La puerta giratoria entre la alta administración y el Ibex 35 vuelve a estar en el centro de la actualidad. Al menos diez exministros o ex altos cargos del Gobierno suenan ahora mismo para ocupar sillones en grandes cotizadas españolas. El patrón se repite: quien diseñó el marco regulatorio en energía, telecomunicaciones o fiscalidad acaba sentándose al otro lado, en el consejo de la empresa regulada. La lista abarca desde el exministro de Industria y Energía José Manuel Soria, vinculado a Repsol, hasta el exministro de Ciencia Pedro Duque, candidato a un puesto en el Consejo de Indra, con nombres del PP y del PSOE por igual.

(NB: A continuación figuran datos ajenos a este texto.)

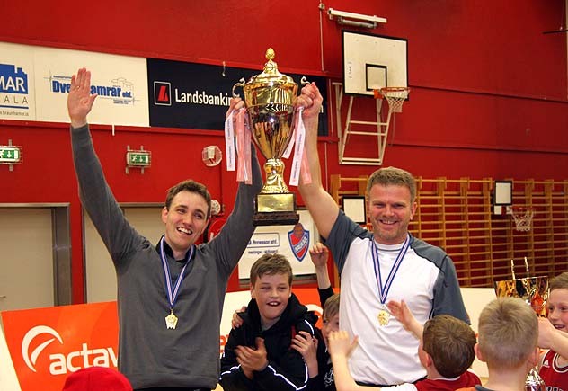 Ljósmynd/ [email protected] Yngvi t.v. ásamt Henning Henningssyni núverandi þjálfara Haukakvenna. Félagarnir með Íslandsmeistaratitilinn að Ásvöllum eftir sigur Hauka gegn KR.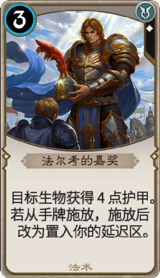目標(biāo)生物獲得4點(diǎn)護(hù)甲。如果這張卡從手牌施放,施放后它將轉(zhuǎn)入你的延遲區(qū)。 |
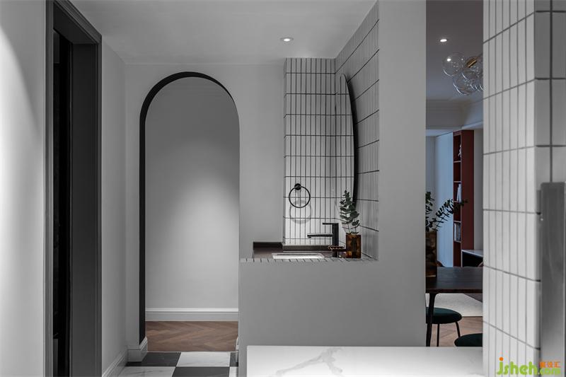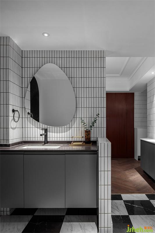 單從圖片上看,猶如迷宮一般,小小的空間每一處都是驚喜。在空間的規(guī)劃上犧牲了部分次臥空間,使公共區(qū)域的衛(wèi)生間能夠做到干濕分區(qū),提升使用率。水滴型的鏡子,搭配純白的馬賽克瓷磚,將空間點(diǎn)綴得更加有層次感。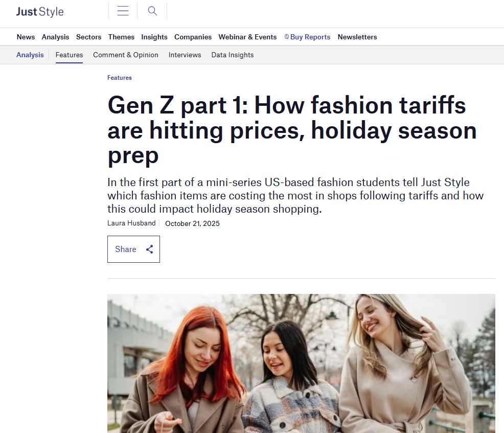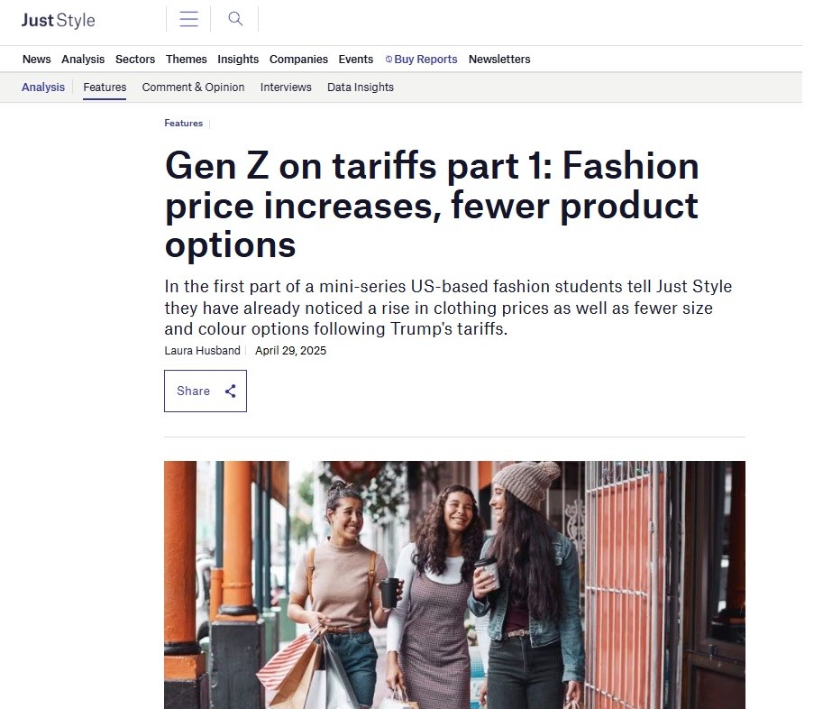 In a new Just-Style mini series, students from FASH455 and the FASH department at the University of Delaware shared their valuable Gen Z perspectives on the impact of the recent tariff increases. Students who contributed to the series included: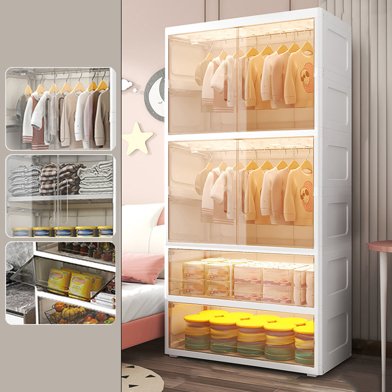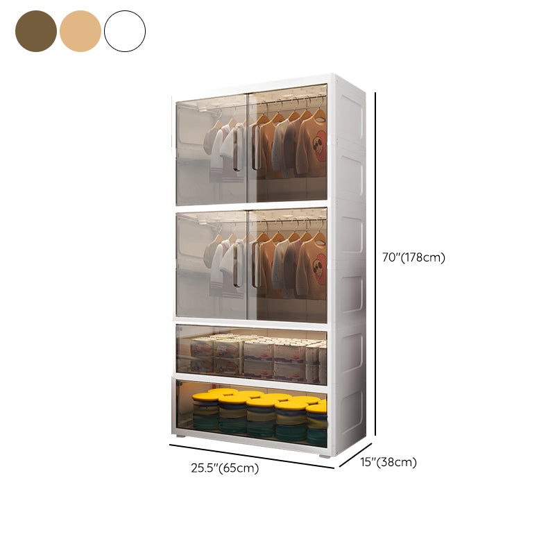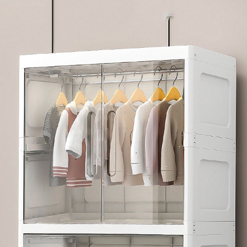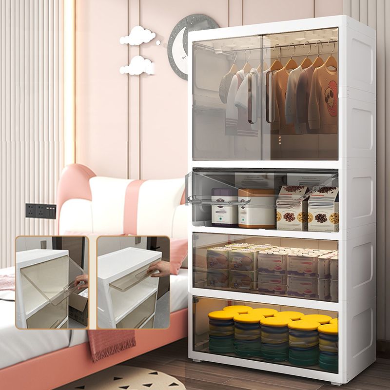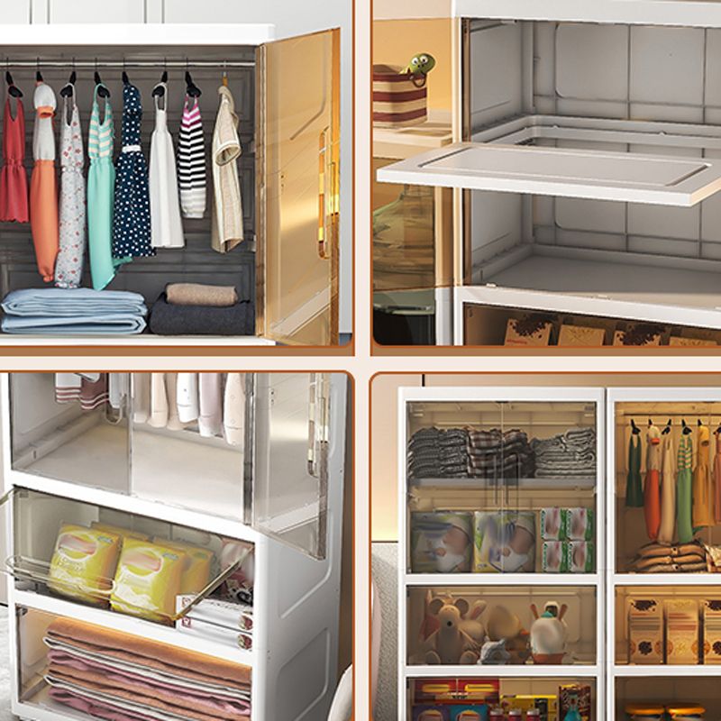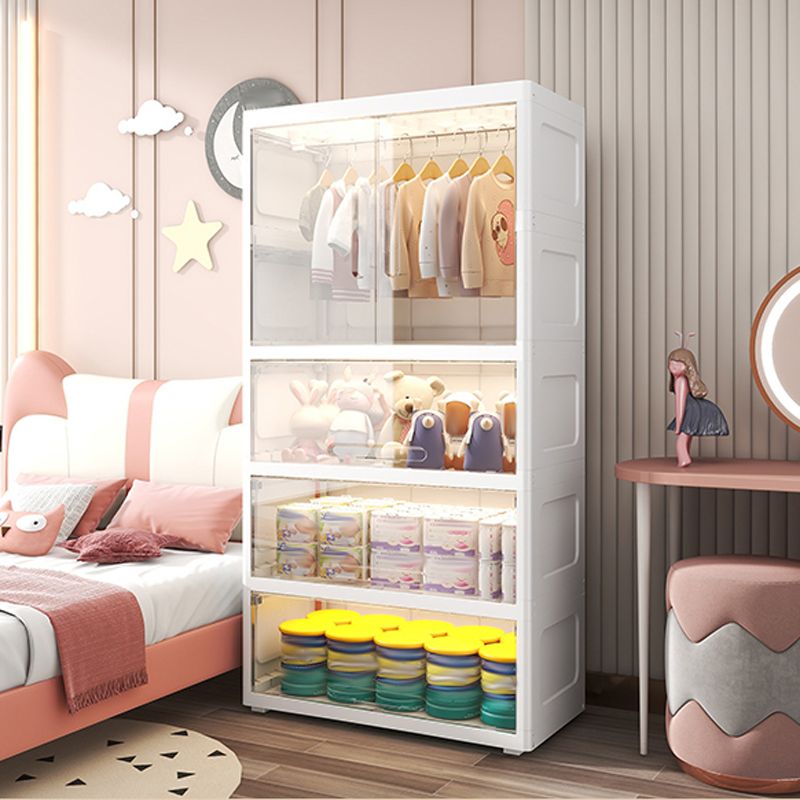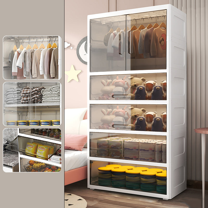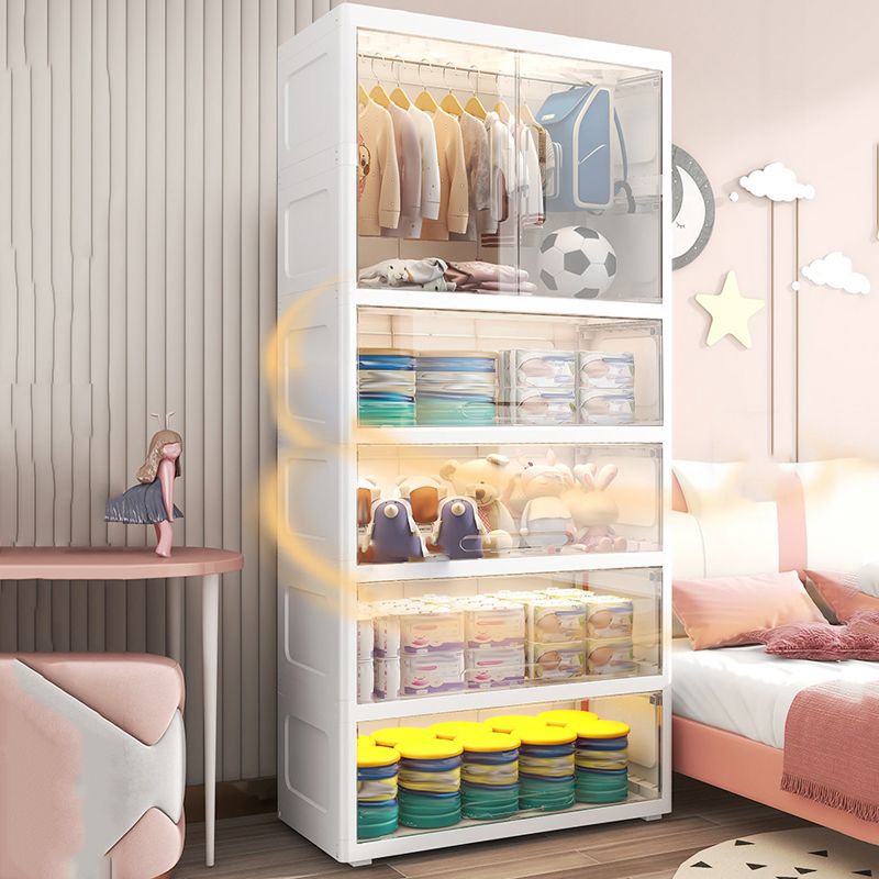 Contemporary Style Youth Armoire Plastic Bedroom Hanging Clothes Rack with Door

El criterio para incluir a cada nombre no es el nombramiento confirmado, sino el rumor corporativo o la negociación que ha trascendido. Hay perfiles como Alberto Nadal, exsecretario de Estado de Energía, que podría aterrizar en Endesa, o Elena Salgado, exministra de Hacienda, que suena como consejera de IAG, la matriz de Iberia. La mayor parte no son ejecutivos, sino consejeros, a veces presentados como independientes, lo que acentúa la contradicción con su pasado regulador. Todos coinciden en un punto: han gestionado áreas estratégicas —energía, banca, aeropuertos, defensa o digitalización— en las que el sector privado necesita contactos y conocimiento de los pasillos del poder.
4Elena Salgado a IAG: la exministra de Hacienda que ahora vigila el holding de Iberia
Elena Salgado es el nombre que mejor condensa la paradoja de la puerta giratoria hacia el Ibex. Entre 2009 y 2011 fue vicepresidenta segunda y ministra de Economía y Hacienda del Gobierno de Zapatero, exactamente el tramo en que se gestó y se cerró la fusión entre Iberia y British Airways que alumbró IAG, el holding aéreo del Ibex 35 al que ahora se la sitúa como próximo destino. Aquella operación se leyó entonces como la cesión de un símbolo nacional: el centro de decisión se trasladó a Londres y su Gobierno pilotó el contexto en que se selló una integración que muchos interpretaron como una privatización encubierta de la aerolínea de bandera. Si se confirma su desembarco en el consejo, la exministra completaría un bucle casi perfecto: la responsable económica que bendijo el nacimiento del grupo, años después cobrando por supervisarlo desde dentro.
Nada en su biografía posterior atenúa la controversia. Salgado dejó el Ejecutivo en diciembre de 2011 y en 2012 ya fichó por Chilectra, filial chilena de Endesa, un salto que esquivó la incompatibilidad de dos años para altos cargos precisamente por producirse fuera de España. Desde entonces ha ido encadenando consejos de la mano de CriteriaCaixa, el brazo inversor de la Fundación La Caixa, que la ha sentado en Saba, en la inmobiliaria Colonial (como consejera dominical tras superar el 17% del capital en 2024) y en la francesa Veolia, donde aterrizó en 2025 después de que el holding comprara un 5% valorado en unos 1.000 millones de euros. Sumar el holding de Iberia a ese currículo consolidaría el patrón que dispara las alarmas: una sola persona acumulando sillones en compañías estratégicas con el mismo accionista de referencia detrás, sin que los años transcurridos hayan resuelto la pregunta de si se contrata su experiencia o su red de contactos.